JOYCE KRAWIEC: It’s been an ongoing process, but I didn’t pay a lot of attention when I was younger. I was involved with my own family and my own life. I was always pro-life, but I wasn’t engaged. Of course, my faith drives everything that I do. God just opened my eyes that this is just evil. It is just so much going on in the abortion industry. When we saw the videos uncovered about the sale of the body parts and what they do. And so my eyes became so open that it was so blatant that we were taking so many lives. It was never about the babies. It was never about that human life. I just became very passionate about doing everything that I could to make sure that I was involved in that process. And God led me where I am and I’m just blessed that I’m able to work to make a difference in the lives of so many babies, and I hope that’s what some of these bills will do.

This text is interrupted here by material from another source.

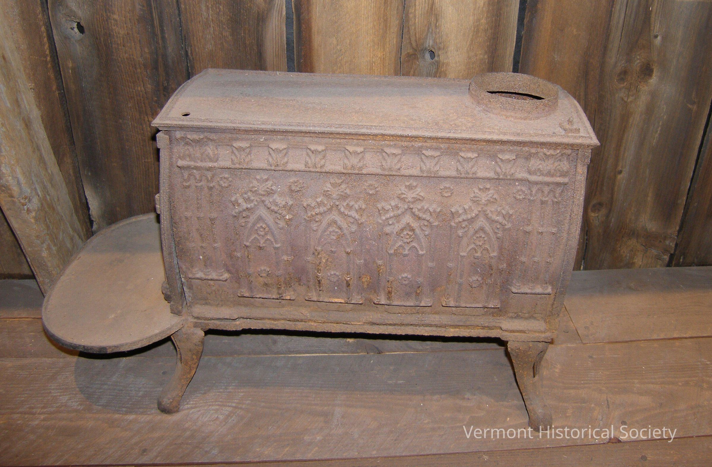 Cast iron wood-burning stove. The sides of the stove are molded with gothic ornamentation. There is an oval platform underneath the front door, which hinges open from the side. There is a chimney spout at the back of the top. The stove is marked, "S. H. Langdon CASTLETON" on the door.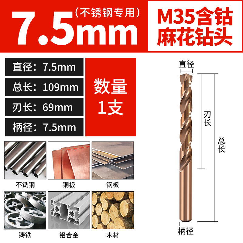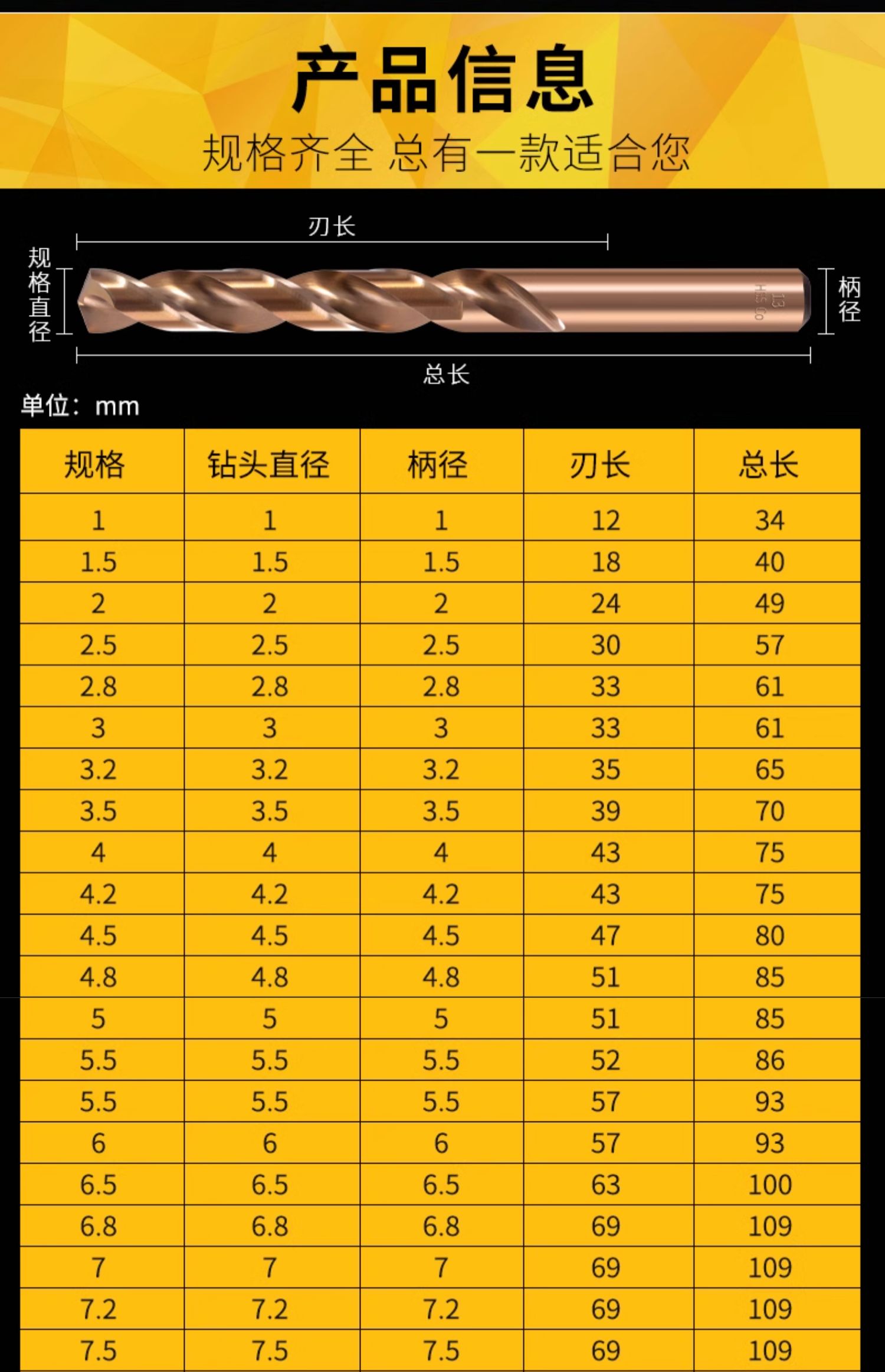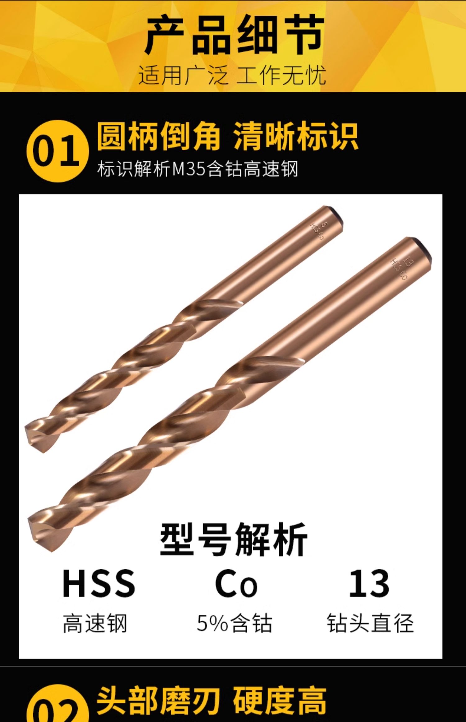 Спиральное сверло Ruiqi с содержанием кобальта, высокопрочное сверло для стали и нержавеющей стали, специальное спиральное сверло с прямой ручкой, ротор для пробивки небольших отверстий

JOHN RUSTIN: Well, absolutely. And I can’t reiterate how grateful we are for your leadership, for your commitment and your work, especially in this session of the General Assembly on these important bills. I do want to mention for the benefit of our listeners that they can go to the North Carolina Family Policy Council website at, and if you visit the Action Center on our website, you can send correspondence to your State Legislators in the House and the Senate to encourage them to support these very important bills. And with that, Senator Joyce Krawiec, I want to thank you so much for being with us on Family Policy Matters today, and for your incredible service and commitment to the citizens of North Carolina, including unborn children. 

JOYCE KRAWIEC: Thank you so much, John. Pleasure to be with you. Thank you for your work.